The first chart shows a typical server behavior that makes images load mostly sequentially. The chart itself looks neat, but the actual experience of loading that page was not great — the last image didn't start loading until almost the end.

The second chart shows images loaded in parallel. The blue vertical streaks throughout the chart are image headers sent early followed by a couple of stages of progressive rendering. You can see that useful data arrived sooner for all of the images. You may notice that one of the images has been sent in one chunk, rather than split like all the others. That’s because at the very beginning of a TCP/IP connection we don't know the true speed of the connection yet, and we have to sacrifice some opportunity to do prioritization in order to maximize the connection speed.

There are other techniques intended to provide image previews quickly, such as low-quality image placeholder (LQIP), but they have several drawbacks.

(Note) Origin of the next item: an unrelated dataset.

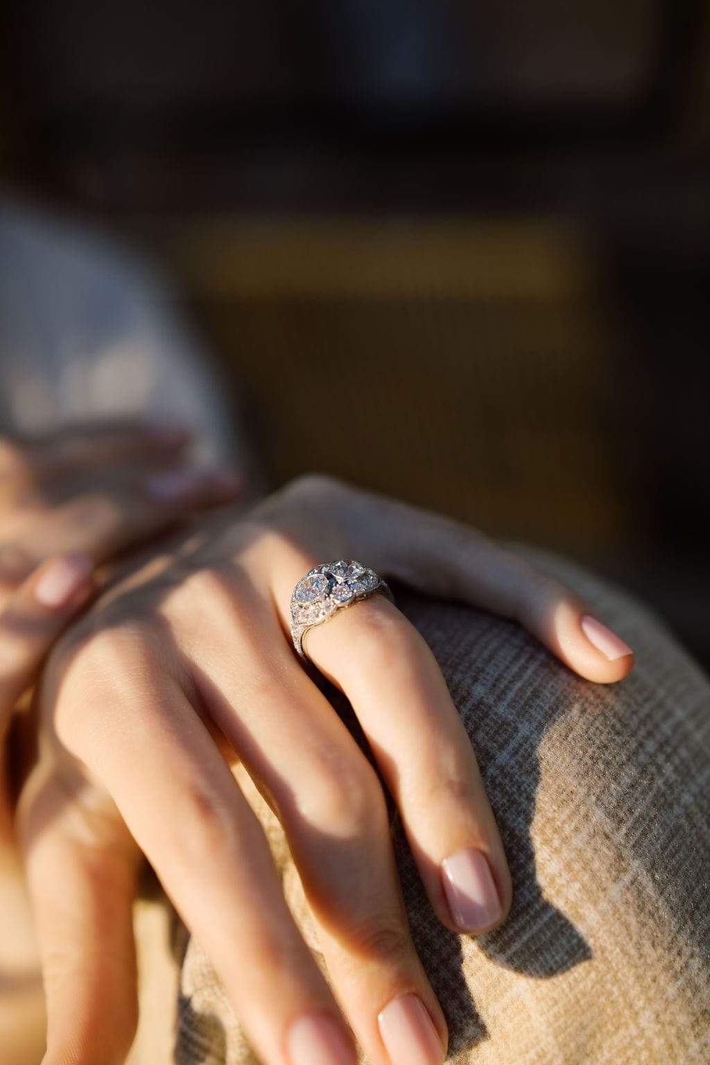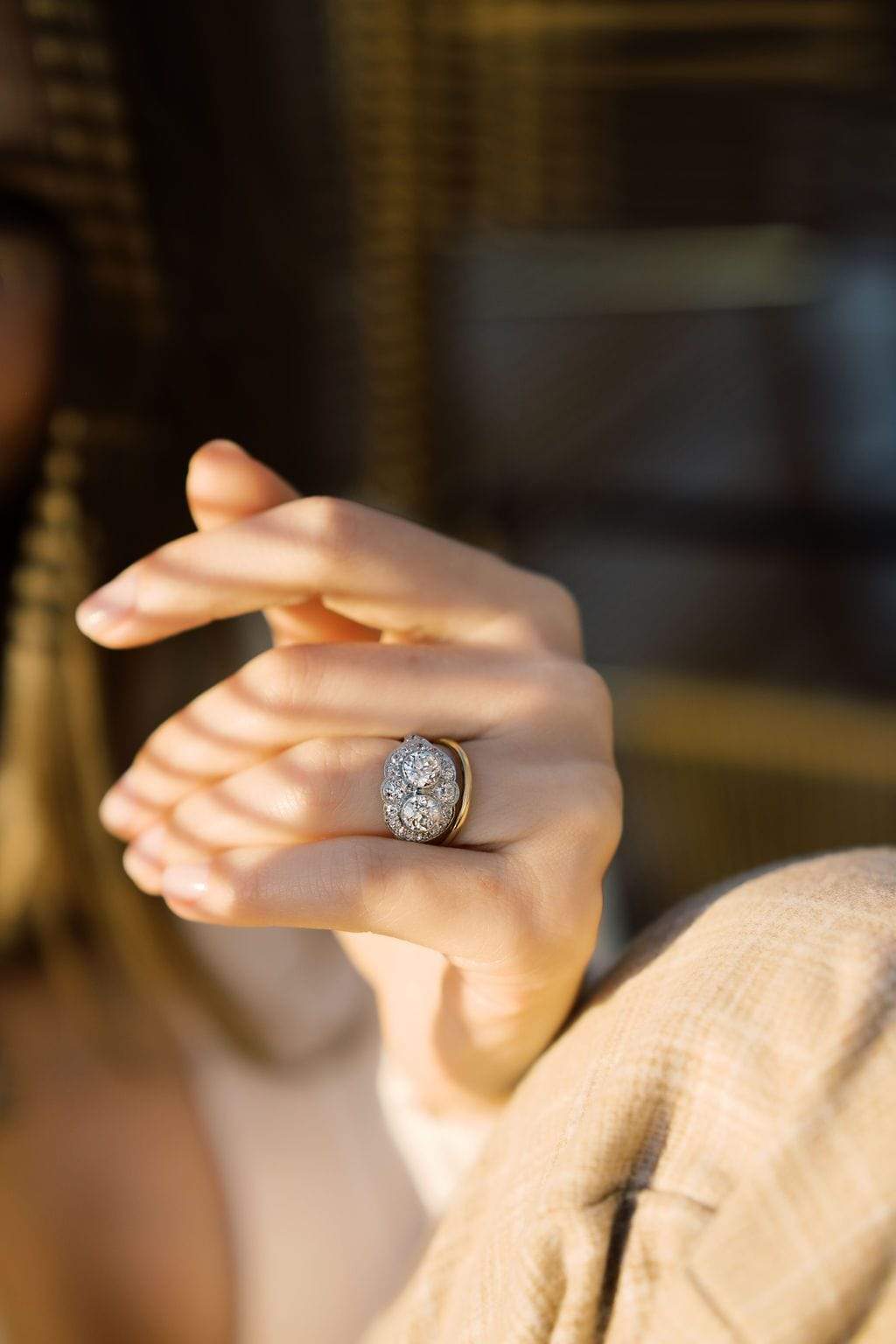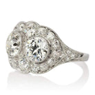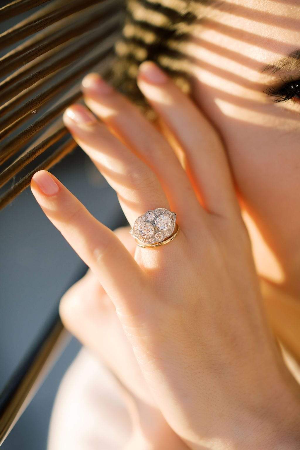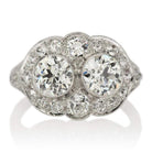 The Marianne ring is an authentic vintage Edwardian Toi et Moi engagement ring. The ring centers two old European cut diamonds: one being approximately 0.75 carats of I-J color, VS clarity the other approximately 0.80 carats of J-K clarity SI2 clarity. The stones are bezel-set into a platinum setting. Sixteen old European cut diamonds surround the two center diamonds with four old European cut diamonds are set into each of the shoulders. The ring is currently size 5 and can be resized!
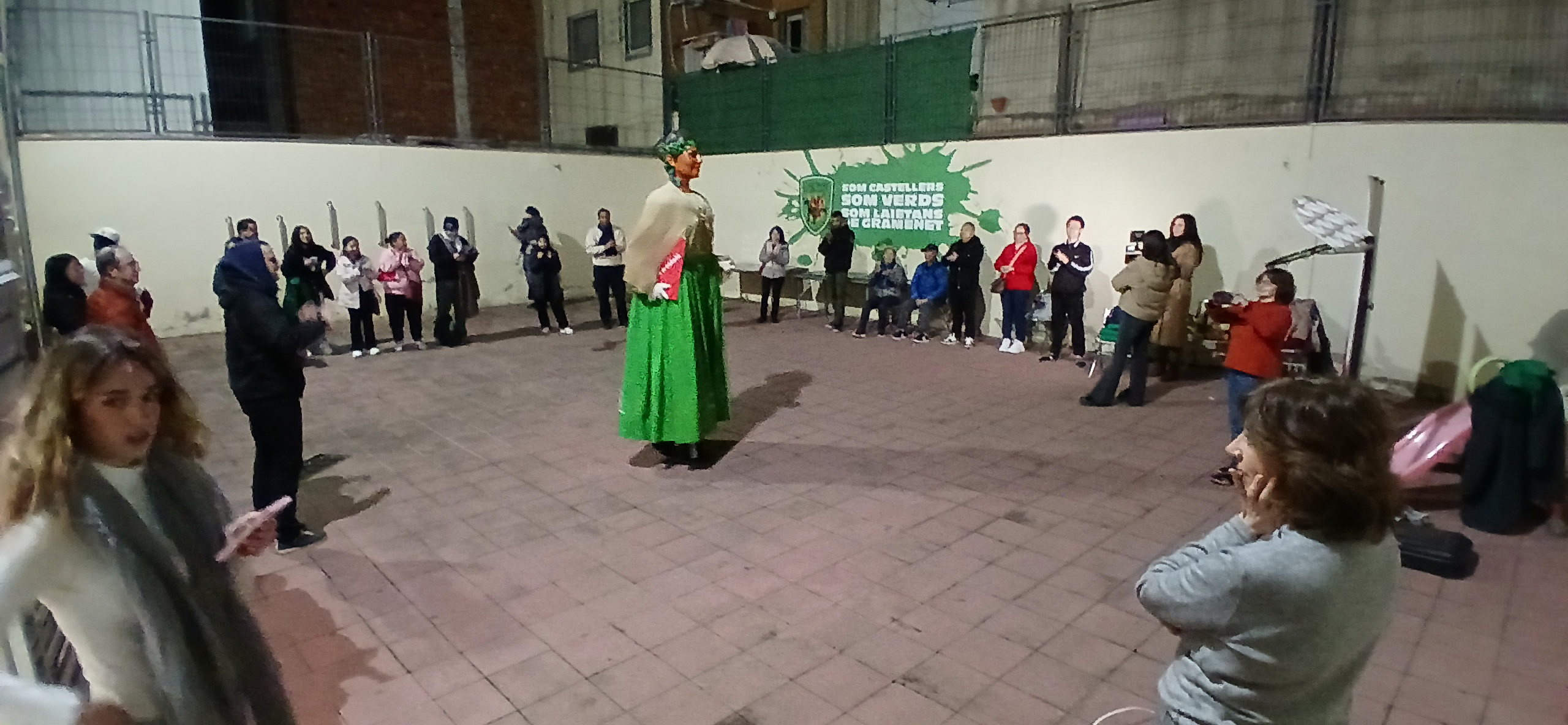 Això va ser possible perquè prèviament el CNL L'Heura organitzà un taller per aprendre a portar la gegantona. La formadora, Esther Planas, va fer una introducció sobre el món geganter i, tot seguit, les persones que van voler, es posaren una faixa i la feren ballar. Betevé Badalona va filmar la sessió i va entrevistar algunes persones.

They add unnecessary data for the placeholders, and usually interfere with browsers' preload scanner, and delay loading of full-quality images due to dependence on JavaScript needed to upgrade the previews to full images.

• Our solution doesn't cause any additional requests, and doesn't add any extra data. Overall page load time is not delayed.

• Our solution doesn't require any JavaScript. It takes advantage of functionality supported natively in the browsers.

• Our solution doesn't require any changes to page's markup, so it's very safe and easy to deploy site-wide.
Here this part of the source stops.